PROVIDED ENTRIES -
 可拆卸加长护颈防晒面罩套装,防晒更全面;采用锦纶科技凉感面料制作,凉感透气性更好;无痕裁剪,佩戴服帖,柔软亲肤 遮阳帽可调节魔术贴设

==

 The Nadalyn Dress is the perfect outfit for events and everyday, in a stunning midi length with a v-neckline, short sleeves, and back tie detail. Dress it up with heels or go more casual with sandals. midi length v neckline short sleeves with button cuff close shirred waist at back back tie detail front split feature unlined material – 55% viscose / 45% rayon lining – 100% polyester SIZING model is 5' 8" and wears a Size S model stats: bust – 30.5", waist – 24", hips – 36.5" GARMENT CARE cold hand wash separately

--

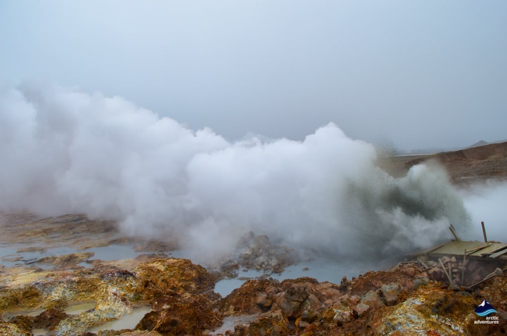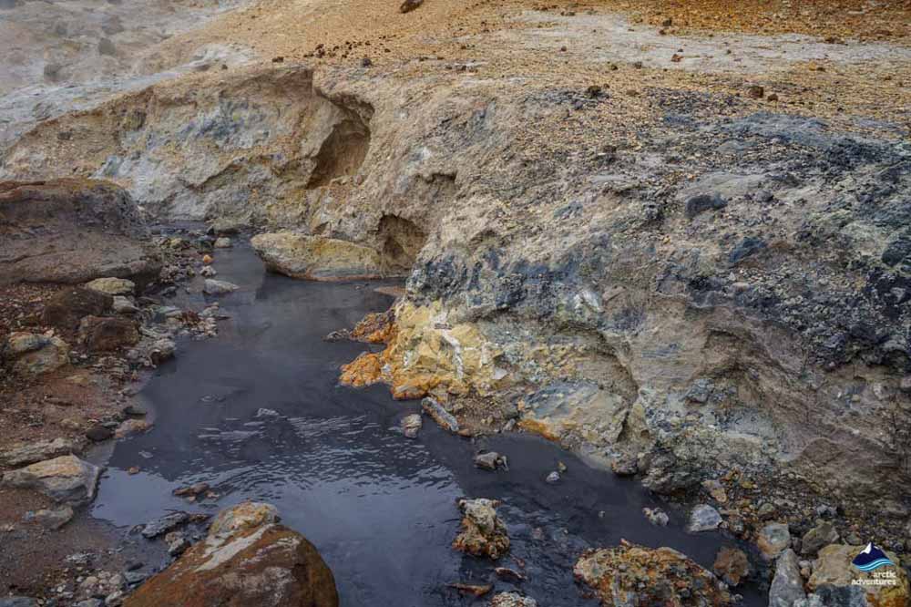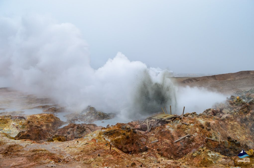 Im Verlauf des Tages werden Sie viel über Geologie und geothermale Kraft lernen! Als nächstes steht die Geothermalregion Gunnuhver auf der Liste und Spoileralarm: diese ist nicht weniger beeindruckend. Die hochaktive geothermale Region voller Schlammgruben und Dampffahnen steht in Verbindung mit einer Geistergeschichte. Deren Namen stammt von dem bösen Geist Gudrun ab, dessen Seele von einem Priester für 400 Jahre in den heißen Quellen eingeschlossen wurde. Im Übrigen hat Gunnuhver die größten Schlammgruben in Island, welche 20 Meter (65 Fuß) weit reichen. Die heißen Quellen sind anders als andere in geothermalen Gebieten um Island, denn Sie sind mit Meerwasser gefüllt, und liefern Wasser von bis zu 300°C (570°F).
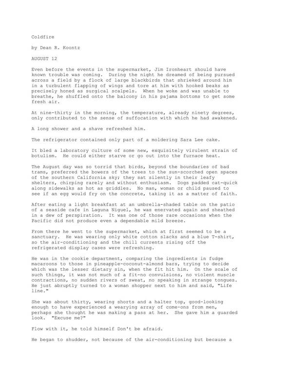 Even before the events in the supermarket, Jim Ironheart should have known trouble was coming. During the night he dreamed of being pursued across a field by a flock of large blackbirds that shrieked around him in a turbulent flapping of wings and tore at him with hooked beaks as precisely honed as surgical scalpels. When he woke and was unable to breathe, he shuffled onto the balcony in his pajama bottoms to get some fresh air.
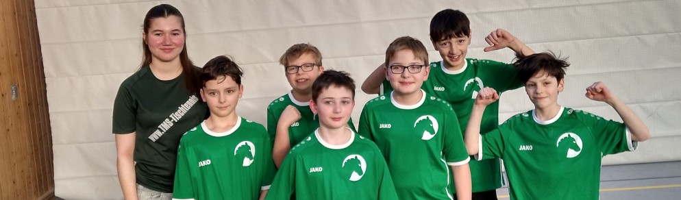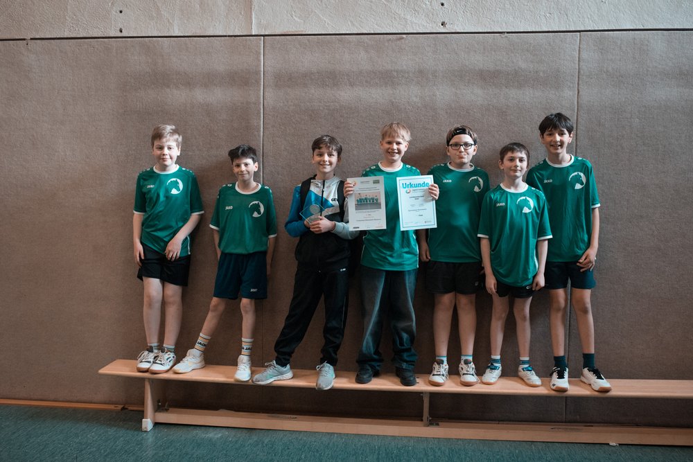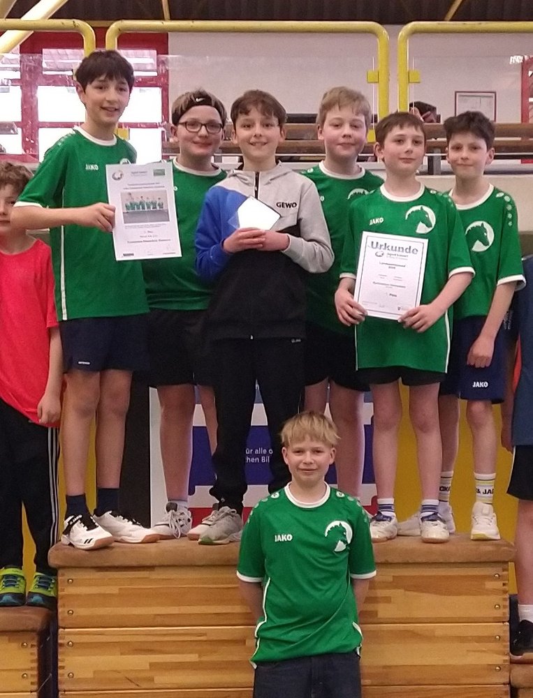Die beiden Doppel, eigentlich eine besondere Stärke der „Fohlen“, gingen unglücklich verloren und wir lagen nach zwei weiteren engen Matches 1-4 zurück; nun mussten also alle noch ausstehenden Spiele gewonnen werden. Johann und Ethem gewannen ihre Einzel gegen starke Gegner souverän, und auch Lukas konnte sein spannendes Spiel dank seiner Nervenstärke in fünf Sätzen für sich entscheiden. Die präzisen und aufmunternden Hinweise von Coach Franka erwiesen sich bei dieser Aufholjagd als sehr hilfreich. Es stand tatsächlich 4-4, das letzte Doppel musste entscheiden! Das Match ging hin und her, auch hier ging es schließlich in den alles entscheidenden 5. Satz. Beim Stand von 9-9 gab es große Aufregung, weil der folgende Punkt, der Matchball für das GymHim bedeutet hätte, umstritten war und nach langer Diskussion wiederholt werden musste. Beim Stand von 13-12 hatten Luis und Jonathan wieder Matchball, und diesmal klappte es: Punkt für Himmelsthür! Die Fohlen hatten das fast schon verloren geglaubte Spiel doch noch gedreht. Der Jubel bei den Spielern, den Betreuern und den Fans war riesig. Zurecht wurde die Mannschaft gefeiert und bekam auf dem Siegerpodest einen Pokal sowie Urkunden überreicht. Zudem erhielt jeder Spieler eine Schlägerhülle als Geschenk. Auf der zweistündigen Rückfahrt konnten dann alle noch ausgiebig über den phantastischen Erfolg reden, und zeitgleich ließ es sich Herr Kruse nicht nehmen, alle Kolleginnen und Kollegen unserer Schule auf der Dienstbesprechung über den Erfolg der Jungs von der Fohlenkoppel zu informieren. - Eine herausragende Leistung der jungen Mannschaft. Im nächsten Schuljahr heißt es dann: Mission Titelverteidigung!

ACTIVITY -
Without the pictures, set down the lines above from the line with "Im Verlauf des" up to and including the line with "Even before the" exactly as they stand.

OUTPUT BELOW -
 Im Verlauf des Tages werden Sie viel über Geologie und geothermale Kraft lernen! Als nächstes steht die Geothermalregion Gunnuhver auf der Liste und Spoileralarm: diese ist nicht weniger beeindruckend. Die hochaktive geothermale Region voller Schlammgruben und Dampffahnen steht in Verbindung mit einer Geistergeschichte. Deren Namen stammt von dem bösen Geist Gudrun ab, dessen Seele von einem Priester für 400 Jahre in den heißen Quellen eingeschlossen wurde. Im Übrigen hat Gunnuhver die größten Schlammgruben in Island, welche 20 Meter (65 Fuß) weit reichen. Die heißen Quellen sind anders als andere in geothermalen Gebieten um Island, denn Sie sind mit Meerwasser gefüllt, und liefern Wasser von bis zu 300°C (570°F).
 Even before the events in the supermarket, Jim Ironheart should have known trouble was coming. During the night he dreamed of being pursued across a field by a flock of large blackbirds that shrieked around him in a turbulent flapping of wings and tore at him with hooked beaks as precisely honed as surgical scalpels. When he woke and was unable to breathe, he shuffled onto the balcony in his pajama bottoms to get some fresh air.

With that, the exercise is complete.